## Data for processing:
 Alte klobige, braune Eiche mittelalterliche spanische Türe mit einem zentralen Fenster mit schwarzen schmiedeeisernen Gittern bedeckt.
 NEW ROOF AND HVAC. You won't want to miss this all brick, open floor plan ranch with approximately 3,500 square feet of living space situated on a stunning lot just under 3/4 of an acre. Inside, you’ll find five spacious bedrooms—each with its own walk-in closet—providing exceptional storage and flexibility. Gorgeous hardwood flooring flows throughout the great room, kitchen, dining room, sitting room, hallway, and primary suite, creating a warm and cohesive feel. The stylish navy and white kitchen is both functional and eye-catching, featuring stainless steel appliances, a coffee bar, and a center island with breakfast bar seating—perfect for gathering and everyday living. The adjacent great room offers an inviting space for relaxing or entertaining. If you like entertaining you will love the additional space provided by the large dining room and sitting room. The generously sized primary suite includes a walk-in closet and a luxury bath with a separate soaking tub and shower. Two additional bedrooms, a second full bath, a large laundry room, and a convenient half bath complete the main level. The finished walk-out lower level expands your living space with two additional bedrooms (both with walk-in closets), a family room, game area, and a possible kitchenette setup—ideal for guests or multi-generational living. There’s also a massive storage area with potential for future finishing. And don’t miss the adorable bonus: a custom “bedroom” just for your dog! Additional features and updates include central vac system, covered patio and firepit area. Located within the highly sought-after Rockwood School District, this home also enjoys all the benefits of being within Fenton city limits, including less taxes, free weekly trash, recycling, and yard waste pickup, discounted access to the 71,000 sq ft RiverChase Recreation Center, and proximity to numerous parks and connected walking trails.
* * *
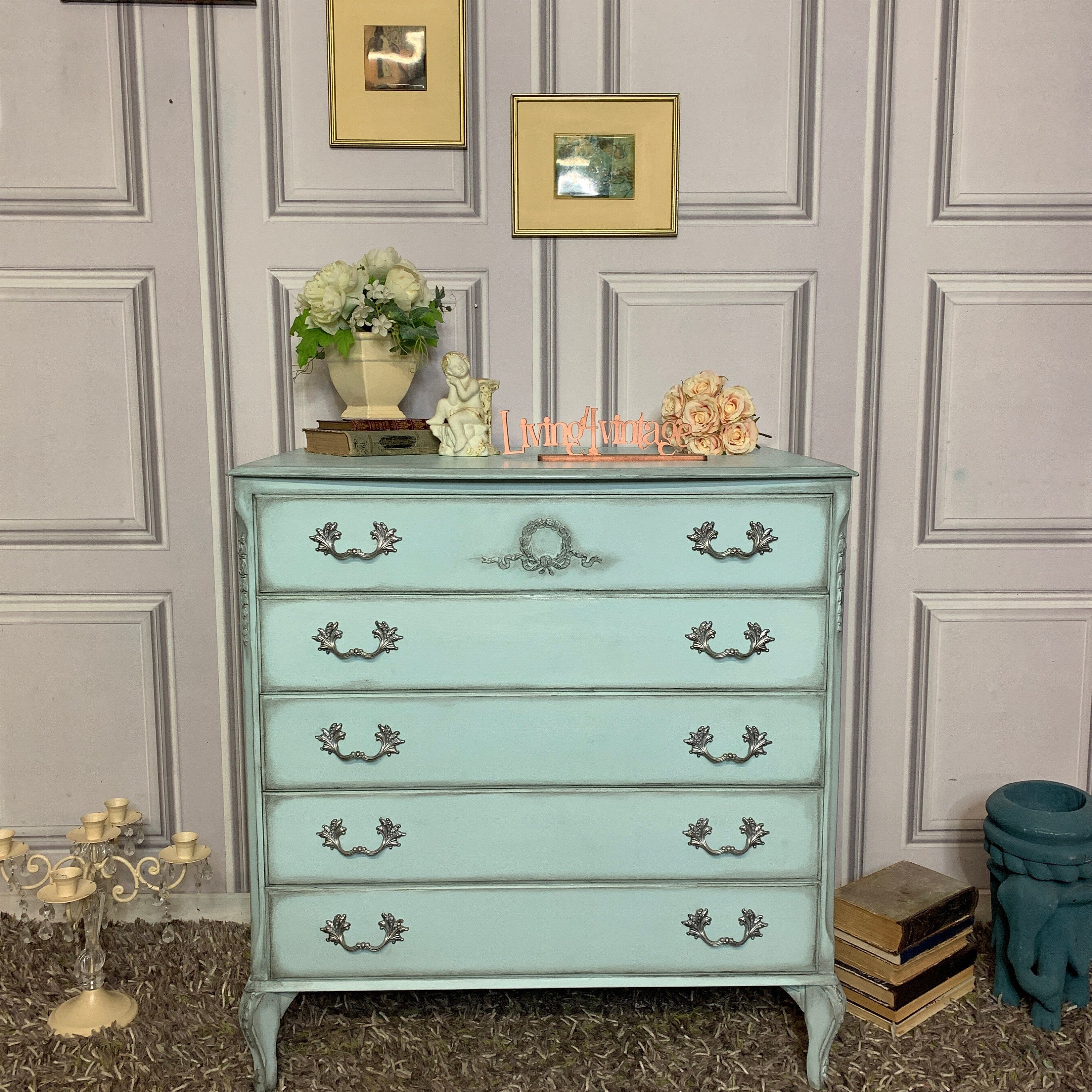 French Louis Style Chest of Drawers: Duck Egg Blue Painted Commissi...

## Work to be completed:
Starting at the line above that holds "Alte klobige, braune" and ending at the line that holds "NEW ROOF AND", transcribe each line exactly and include no other lines.

## Written solution:
 Alte klobige, braune Eiche mittelalterliche spanische Türe mit einem zentralen Fenster mit schwarzen schmiedeeisernen Gittern bedeckt.
 NEW ROOF AND HVAC. You won't want to miss this all brick, open floor plan ranch with approximately 3,500 square feet of living space situated on a stunning lot just under 3/4 of an acre. Inside, you’ll find five spacious bedrooms—each with its own walk-in closet—providing exceptional storage and flexibility. Gorgeous hardwood flooring flows throughout the great room, kitchen, dining room, sitting room, hallway, and primary suite, creating a warm and cohesive feel. The stylish navy and white kitchen is both functional and eye-catching, featuring stainless steel appliances, a coffee bar, and a center island with breakfast bar seating—perfect for gathering and everyday living. The adjacent great room offers an inviting space for relaxing or entertaining. If you like entertaining you will love the additional space provided by the large dining room and sitting room. The generously sized primary suite includes a walk-in closet and a luxury bath with a separate soaking tub and shower. Two additional bedrooms, a second full bath, a large laundry room, and a convenient half bath complete the main level. The finished walk-out lower level expands your living space with two additional bedrooms (both with walk-in closets), a family room, game area, and a possible kitchenette setup—ideal for guests or multi-generational living. There’s also a massive storage area with potential for future finishing. And don’t miss the adorable bonus: a custom “bedroom” just for your dog! Additional features and updates include central vac system, covered patio and firepit area. Located within the highly sought-after Rockwood School District, this home also enjoys all the benefits of being within Fenton city limits, including less taxes, free weekly trash, recycling, and yard waste pickup, discounted access to the 71,000 sq ft RiverChase Recreation Center, and proximity to numerous parks and connected walking trails.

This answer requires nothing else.